Theorems on the implicit functions

1) Theorem of Dynes :

It is g : To® " , To opened of "² . We suppose that :

to) g e g_y they are continuous in To.

b) in point x₀ , y₀ ? To one has g(x₀ , y₀) = 0 and g_y (x₀ , y₀) ¹ 0.

_{a 0}around exist U ofx and an only function f : U® " , continues in U, such that y₀ = f(x₀) and that g(x, f(x)) = 0 for every x ? U.

If moreover g_x are continuous in To f he is derivabile in U and it is worth the formula " x ? U.

The scope is that one to bring back itself to being able to apply the theorem of the zeroes on an opportune interval (If a defined continuous function on an interval [ a,b ] assumes to its extreme not null values and of opposite sign, then f admits at least one zero y ? (a,b)) For the location of the interval applies the theorem of the permanence of the sign to the g_y that we would suppose positive g_y (x₀ , y₀) > 0 (if then f(x) > 0 definitively for x ® x₀ where the term definitively indicates that the property is valid for every x pertaining at least one around of x₀ with x ¹ x₀ .)

therefore the function of single y g(x_{the 0} ,y) is closely increasing and since g(x₀ , y₀) = 0 necessarily will be

g(x₀ , y₀ - b) < 0 e g(x₀ , y₀ b) > 0, moreover analogous relations are not only worth in x₀ but also in one wrap

[ x₀ - d , x₀ d]. To this point choosing xa pertaining to this wraps for the theorem of the zeroes will have to exist a y such that g(x , y) = 0 replacing and = b obtain that f it is continuous in you wrap [ x₀ - d , x₀ d].

In order to demonstrate the formula the theorem of the valor is used medium (If f it is continuous in [ a,b ] and derivabile in (to, b) exists one such point c that ) is had therefore g(x, y) - g(x,y) = 0 = g_x(x,h)(x-x) g_y(x,h)(y-y)

from which is obtained.

2) Theorem of Dynes in more than 2 variable ones:

It is g : To® " , To opened of "^{n 1} . We suppose that :

to) g e g_y they are continuous in To.

b) in point x⁰ , y₀ ? To x are hadg(⁰ , y₀) = 0 and g_y (x⁰ , y₀) ¹ 0.

^{a 0}around exist U ofx and an only function f : U® " , continues in U, such that y₀ = f(x⁰) and that g(x , f(x)) = 0 per every x ? U.

If moreover g_x1 ,.., g_xn is continuous in To f is derivabile in U and it is worth the formula " x ? U

Analogous demonstration to that it is had in the three-dimensional case.

3) Theorem of Dynes for systems:

It is g : To® "^m , To opened of "^{m n} . We suppose that :

to) g he is derivabile in To.

b) in point (x⁰ , y⁰) ? To x are hadg(⁰ , y⁰) = 0 and det D_yg (x⁰ , y⁰) ¹ 0.

exist one around V of x⁰ and an only such function y = f(x) that f is derivabile in V ed y⁰ = f(x⁰) and that g(x , f(x)) = 0 per every x ? V. Moreover is worth the formula .

Being :

4) Theorem of Lagrange:

They are f,g derivabili in an open X of "² and is (x₀ , y₀) a regular point for and₀ = {(x,y) ? "² : g(x, y)=0}

(x₀ , y₀) are a bound critical ₀and point > $ such a real number l that `f(x₀ , y₀) = l `g(x₀ , y₀)

Be a matter of a bound critical point (a regular point for which the derivative of f in tangent direction to the tie) the gradient of f is cancelled it will have to be normal to the tangent therefore as of the rest gradient of g must happen for the carrier.

? From the equation it follows that the gradient of f is normal to together and₀ in point (x₀ , y₀) and therefore the point is critical bound.

5) Method of the multipliers of Lagrange:

to) it is necessary to characterize the singular points of the tie.
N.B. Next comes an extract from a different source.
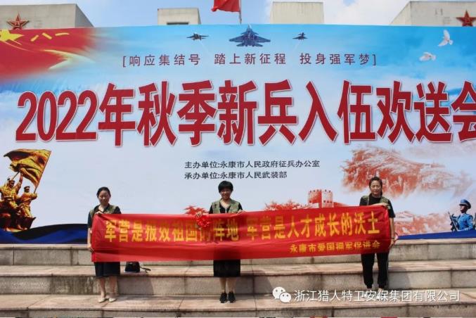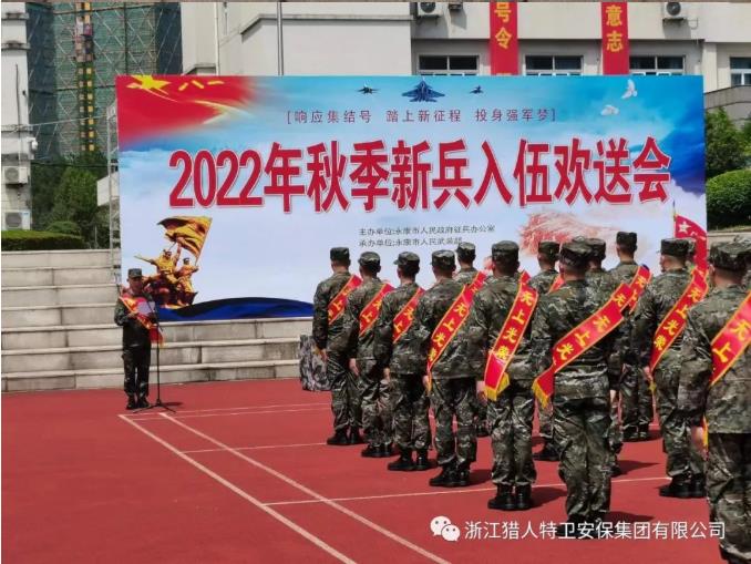 9月17日,永康市關(guān)愛退役軍人協(xié)會(huì)多舉措認(rèn)真做好2022年秋季新兵入伍工作。永康市關(guān)愛退役軍人協(xié)會(huì)理事單位---浙江獵人特衛(wèi)安保集團(tuán)有限公司會(huì)同永康市領(lǐng)導(dǎo)、軍區(qū)代表、永康市招兵辦公室及永康市退伍軍人事務(wù)局相關(guān)領(lǐng)導(dǎo)一起參加了今年的入伍新兵歡送會(huì)。

Enough to set up the determining Jacobiano and to impose that it is null.

b) the free ends of the lagrangiana are characterized.

c) the nature of the estremanti points is obtained from the study of the derivatives of the implicit function which are gained or through the theorem of Dynes or the symbolic derivative of composed function.